▶ [Your task]
Where in the records does the word "media" occur? Copy each line in which it does.

Entries taken from a collection:
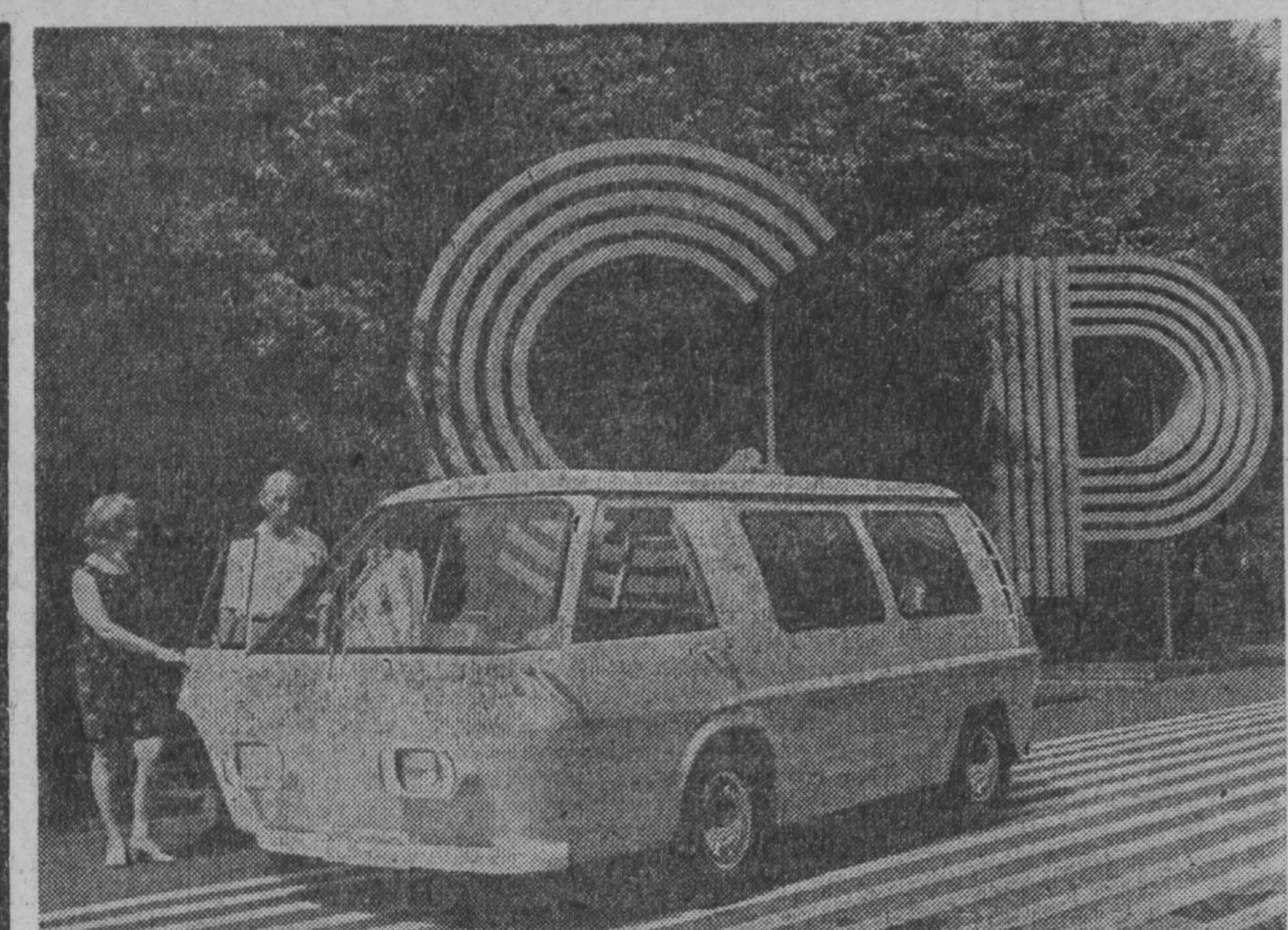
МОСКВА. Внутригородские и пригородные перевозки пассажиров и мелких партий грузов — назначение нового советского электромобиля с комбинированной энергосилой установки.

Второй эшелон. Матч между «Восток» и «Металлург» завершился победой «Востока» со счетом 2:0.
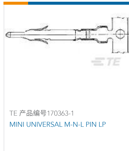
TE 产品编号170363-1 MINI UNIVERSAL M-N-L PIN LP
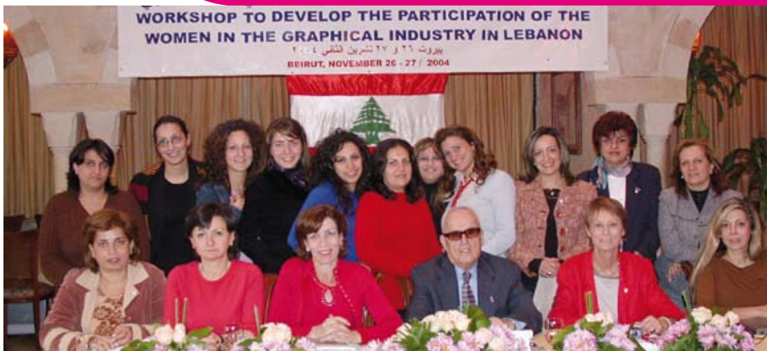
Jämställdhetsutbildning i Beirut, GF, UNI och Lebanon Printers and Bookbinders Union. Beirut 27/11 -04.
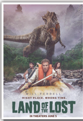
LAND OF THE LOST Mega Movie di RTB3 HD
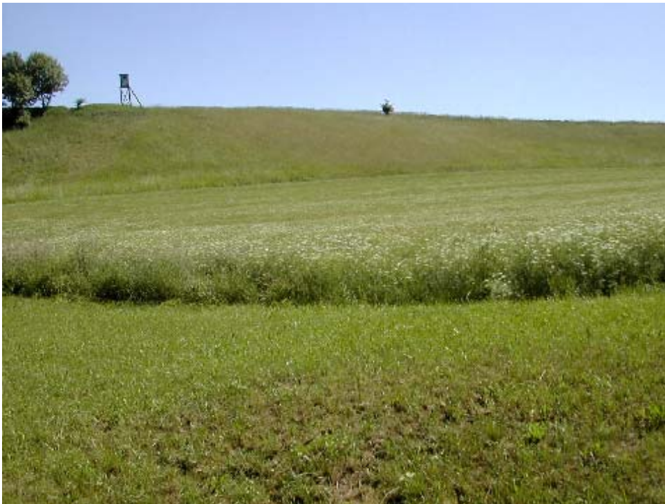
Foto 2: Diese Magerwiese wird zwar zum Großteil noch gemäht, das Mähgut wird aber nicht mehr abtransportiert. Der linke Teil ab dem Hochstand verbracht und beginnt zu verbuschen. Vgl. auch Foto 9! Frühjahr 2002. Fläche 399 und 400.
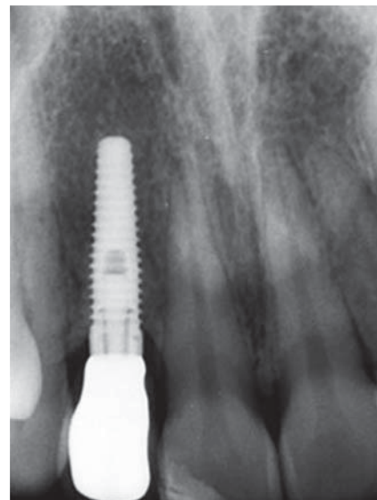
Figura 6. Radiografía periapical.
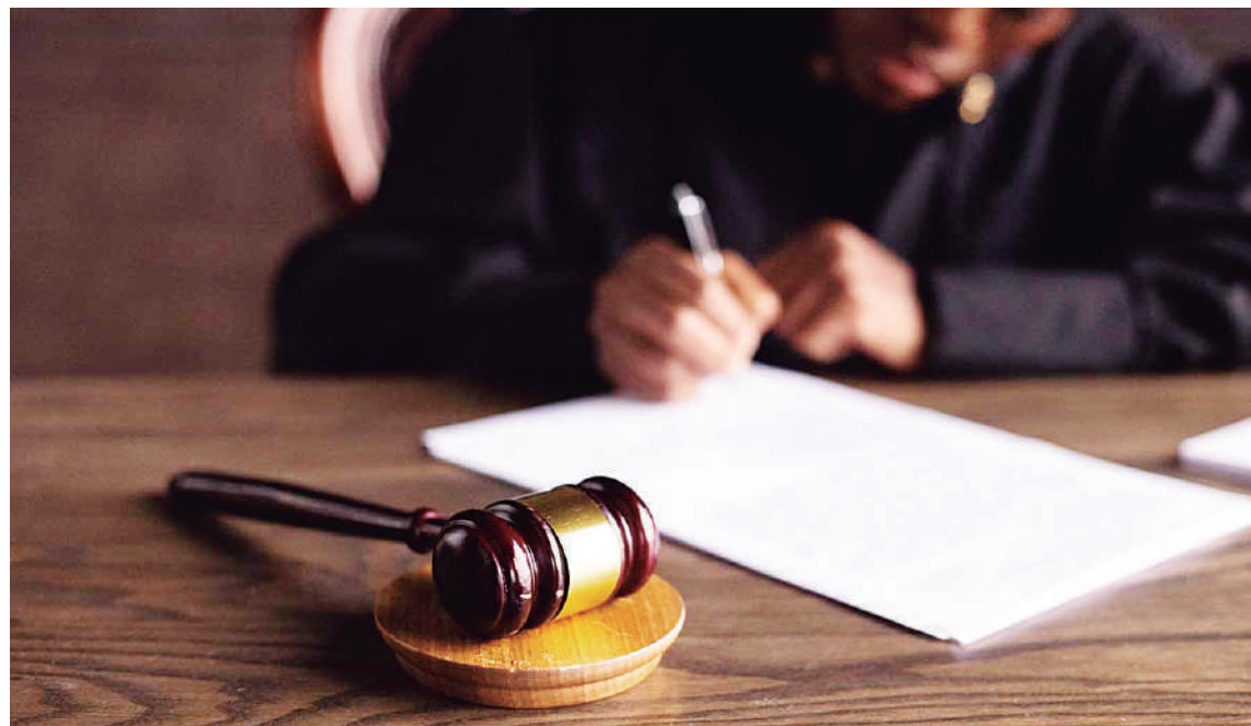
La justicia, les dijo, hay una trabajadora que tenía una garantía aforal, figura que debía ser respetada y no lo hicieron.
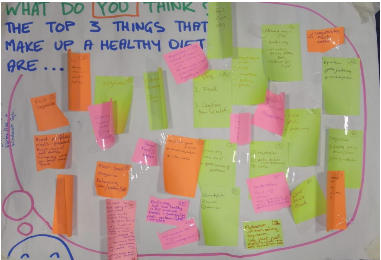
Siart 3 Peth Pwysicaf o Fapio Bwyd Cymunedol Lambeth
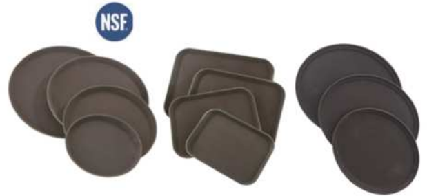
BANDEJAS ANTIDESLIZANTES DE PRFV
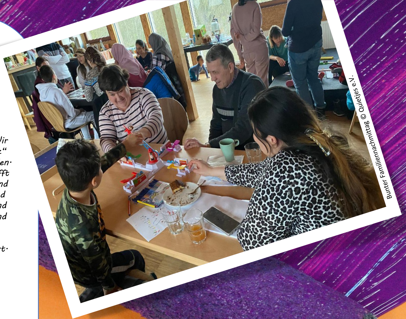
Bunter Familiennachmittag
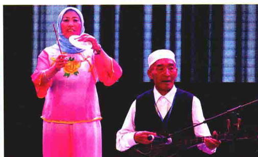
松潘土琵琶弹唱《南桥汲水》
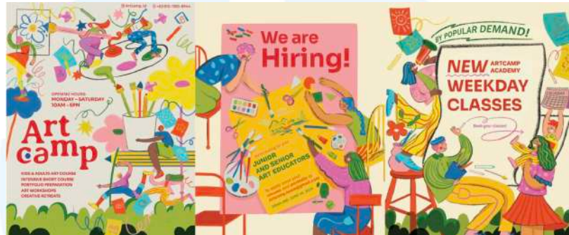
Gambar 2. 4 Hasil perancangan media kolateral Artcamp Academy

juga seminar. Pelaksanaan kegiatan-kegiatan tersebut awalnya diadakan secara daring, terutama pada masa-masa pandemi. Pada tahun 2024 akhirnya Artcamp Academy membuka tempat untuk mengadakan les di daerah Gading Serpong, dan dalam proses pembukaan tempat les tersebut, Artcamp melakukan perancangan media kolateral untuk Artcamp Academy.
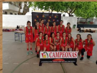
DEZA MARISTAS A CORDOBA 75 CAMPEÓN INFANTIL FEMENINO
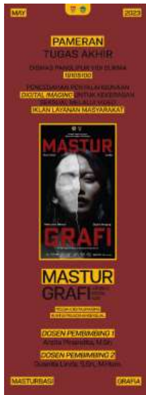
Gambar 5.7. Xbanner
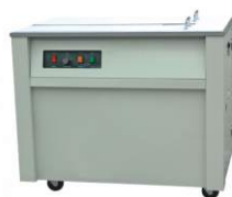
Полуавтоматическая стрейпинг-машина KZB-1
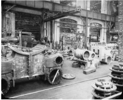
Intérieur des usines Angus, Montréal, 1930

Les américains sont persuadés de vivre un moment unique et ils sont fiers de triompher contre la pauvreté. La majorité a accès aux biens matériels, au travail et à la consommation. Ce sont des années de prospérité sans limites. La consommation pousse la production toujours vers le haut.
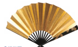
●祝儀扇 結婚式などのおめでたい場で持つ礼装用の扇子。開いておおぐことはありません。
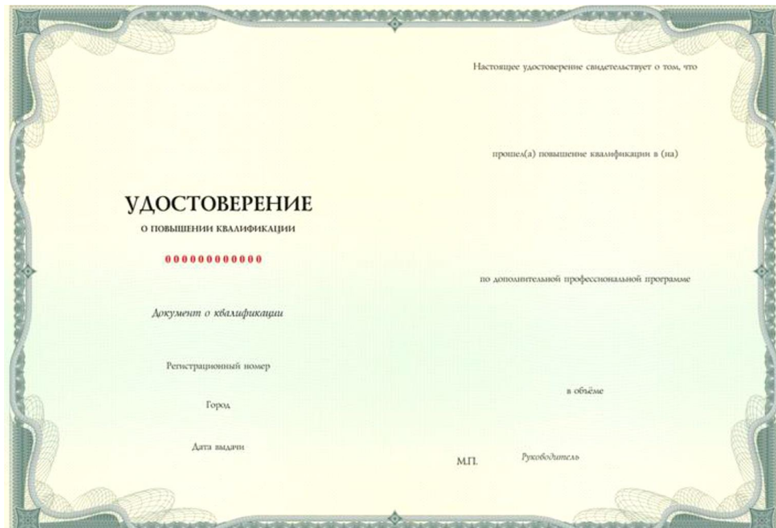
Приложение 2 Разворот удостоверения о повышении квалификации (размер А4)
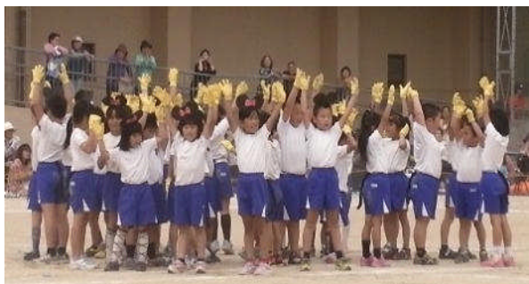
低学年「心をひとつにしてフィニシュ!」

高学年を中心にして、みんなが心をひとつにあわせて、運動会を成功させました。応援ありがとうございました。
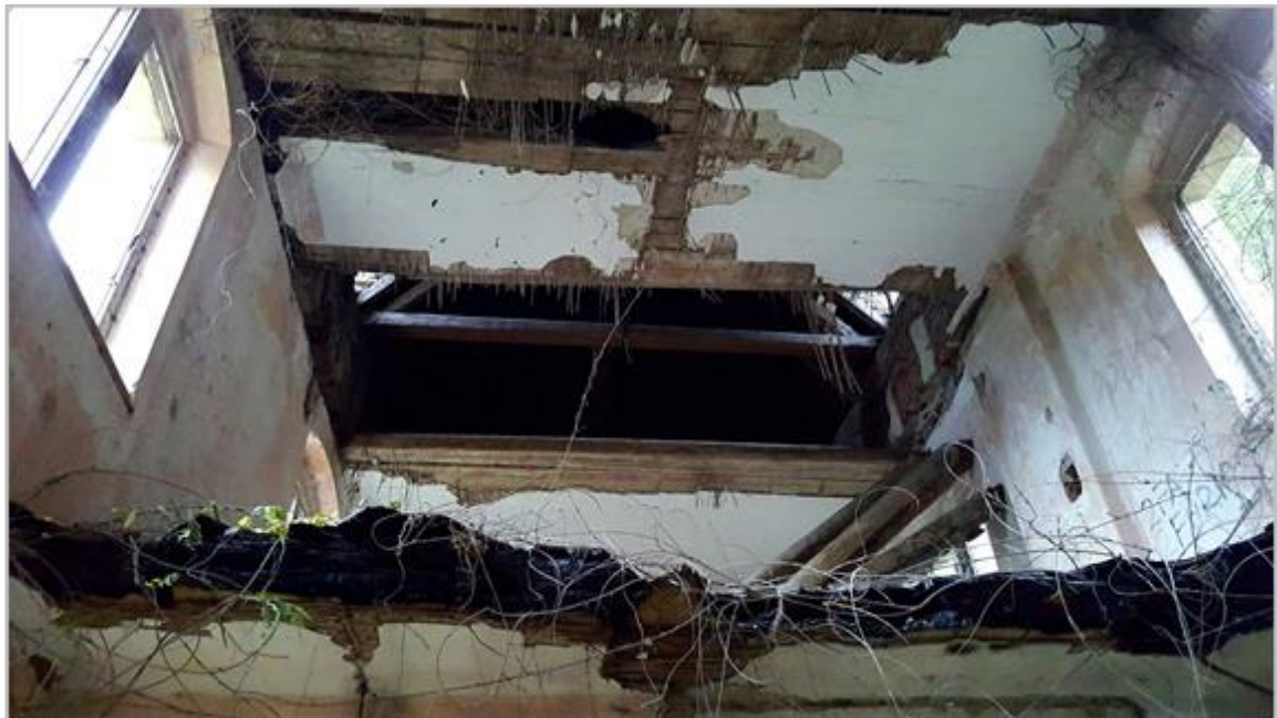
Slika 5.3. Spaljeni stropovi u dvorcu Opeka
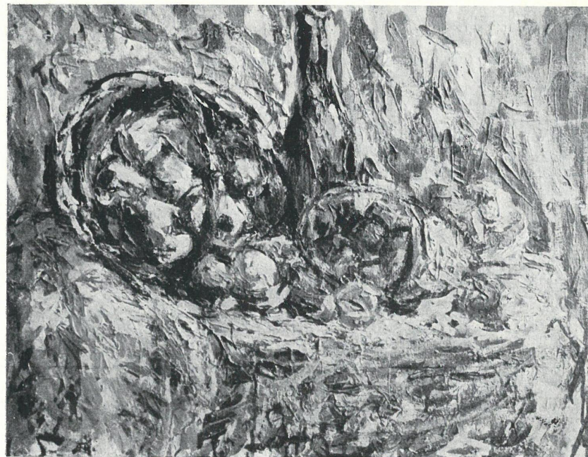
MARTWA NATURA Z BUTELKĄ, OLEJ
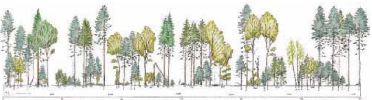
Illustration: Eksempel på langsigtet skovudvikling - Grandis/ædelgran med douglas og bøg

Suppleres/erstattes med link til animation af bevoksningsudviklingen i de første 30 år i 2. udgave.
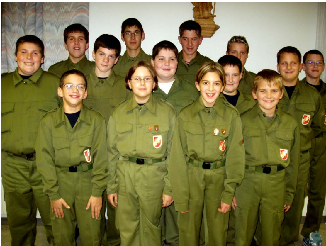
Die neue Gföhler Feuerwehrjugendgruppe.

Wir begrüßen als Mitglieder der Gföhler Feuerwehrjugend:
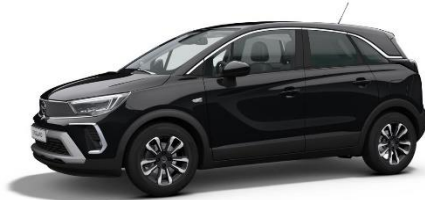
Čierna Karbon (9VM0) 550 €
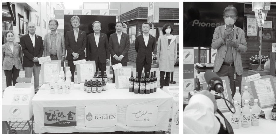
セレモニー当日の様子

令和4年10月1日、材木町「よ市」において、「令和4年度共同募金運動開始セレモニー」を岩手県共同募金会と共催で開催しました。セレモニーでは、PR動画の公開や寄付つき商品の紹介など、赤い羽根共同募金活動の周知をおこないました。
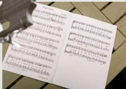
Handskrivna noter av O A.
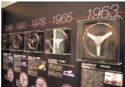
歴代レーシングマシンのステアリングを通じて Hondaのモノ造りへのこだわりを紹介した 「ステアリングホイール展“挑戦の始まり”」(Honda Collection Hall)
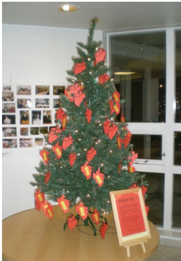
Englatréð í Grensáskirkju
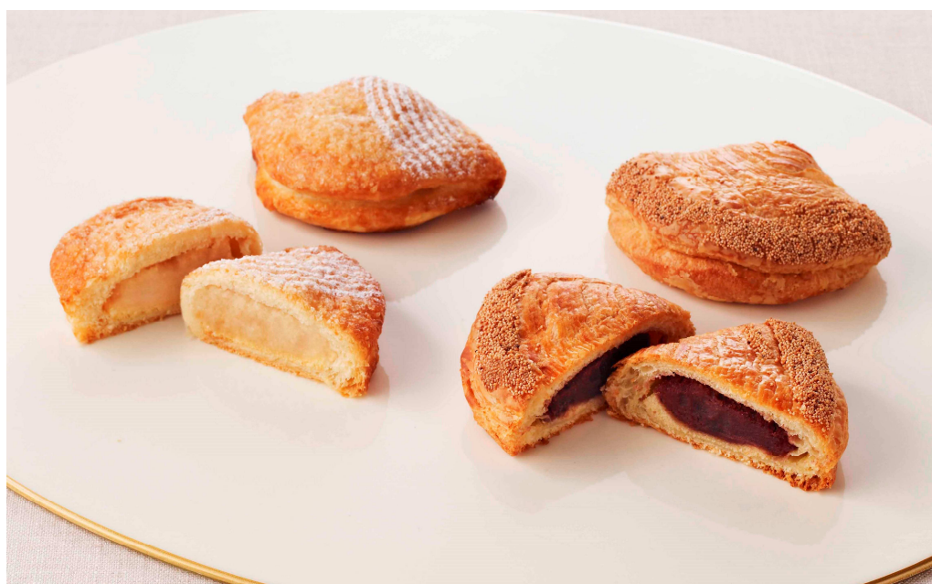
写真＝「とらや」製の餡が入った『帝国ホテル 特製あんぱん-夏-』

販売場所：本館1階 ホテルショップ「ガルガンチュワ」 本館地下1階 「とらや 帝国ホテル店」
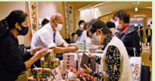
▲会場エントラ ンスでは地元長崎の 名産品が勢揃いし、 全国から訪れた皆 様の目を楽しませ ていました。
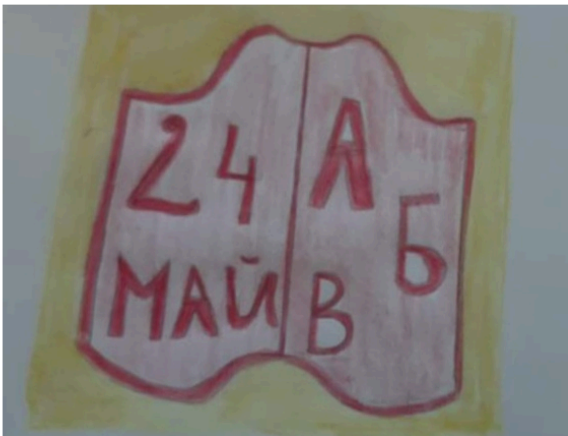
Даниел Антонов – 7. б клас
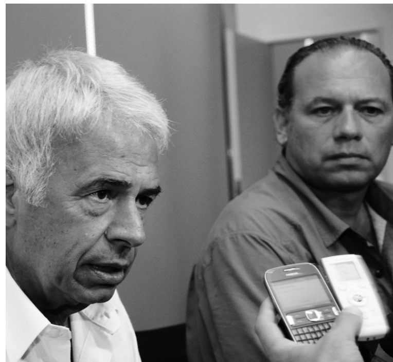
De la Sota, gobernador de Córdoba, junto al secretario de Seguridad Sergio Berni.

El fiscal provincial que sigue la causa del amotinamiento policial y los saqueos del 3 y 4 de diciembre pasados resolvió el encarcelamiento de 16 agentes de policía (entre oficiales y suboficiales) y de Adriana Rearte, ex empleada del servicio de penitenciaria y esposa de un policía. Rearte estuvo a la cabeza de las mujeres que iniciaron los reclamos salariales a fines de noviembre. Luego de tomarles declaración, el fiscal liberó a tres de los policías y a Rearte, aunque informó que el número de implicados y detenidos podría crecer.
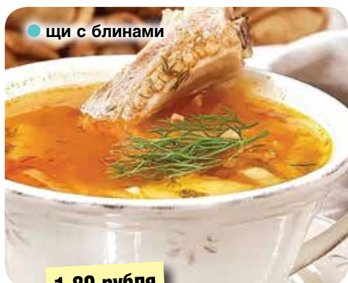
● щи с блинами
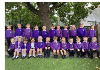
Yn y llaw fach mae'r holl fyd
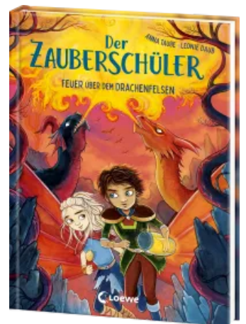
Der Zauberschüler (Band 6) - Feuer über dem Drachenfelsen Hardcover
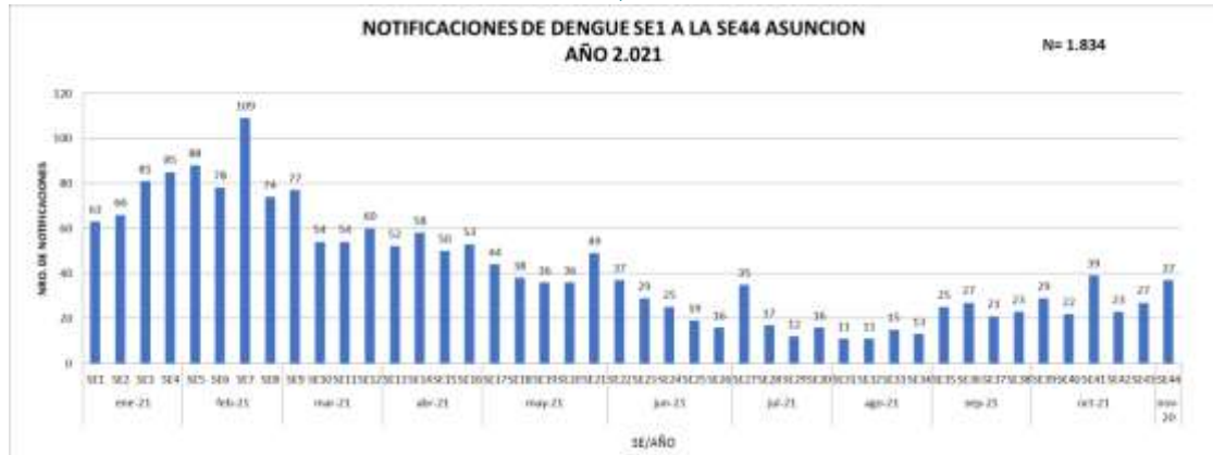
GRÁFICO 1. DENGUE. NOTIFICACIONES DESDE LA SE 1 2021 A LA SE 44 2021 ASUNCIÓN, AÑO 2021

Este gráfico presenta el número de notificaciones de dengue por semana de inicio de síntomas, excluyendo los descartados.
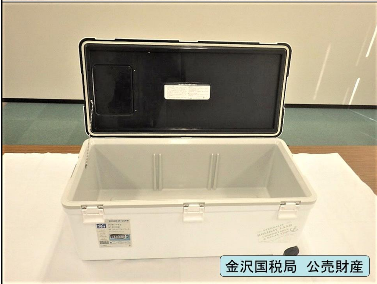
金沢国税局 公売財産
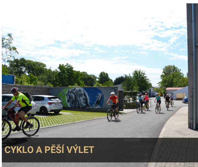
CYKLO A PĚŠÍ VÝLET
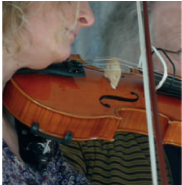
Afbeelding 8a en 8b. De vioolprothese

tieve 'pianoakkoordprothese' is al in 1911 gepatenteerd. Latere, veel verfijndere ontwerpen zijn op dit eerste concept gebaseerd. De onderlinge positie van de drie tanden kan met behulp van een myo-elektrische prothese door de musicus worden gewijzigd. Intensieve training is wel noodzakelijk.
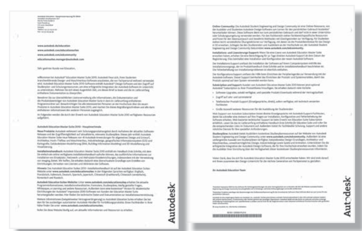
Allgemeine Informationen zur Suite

▶ [Output of the task]
Gambar 2. 4 Hasil perancangan media kolateral Artcamp Academy
juga seminar. Pelaksanaan kegiatan-kegiatan tersebut awalnya diadakan secara daring, terutama pada masa-masa pandemi. Pada tahun 2024 akhirnya Artcamp Academy membuka tempat untuk mengadakan les di daerah Gading Serpong, dan dalam proses pembukaan tempat les tersebut, Artcamp melakukan perancangan media kolateral untuk Artcamp Academy.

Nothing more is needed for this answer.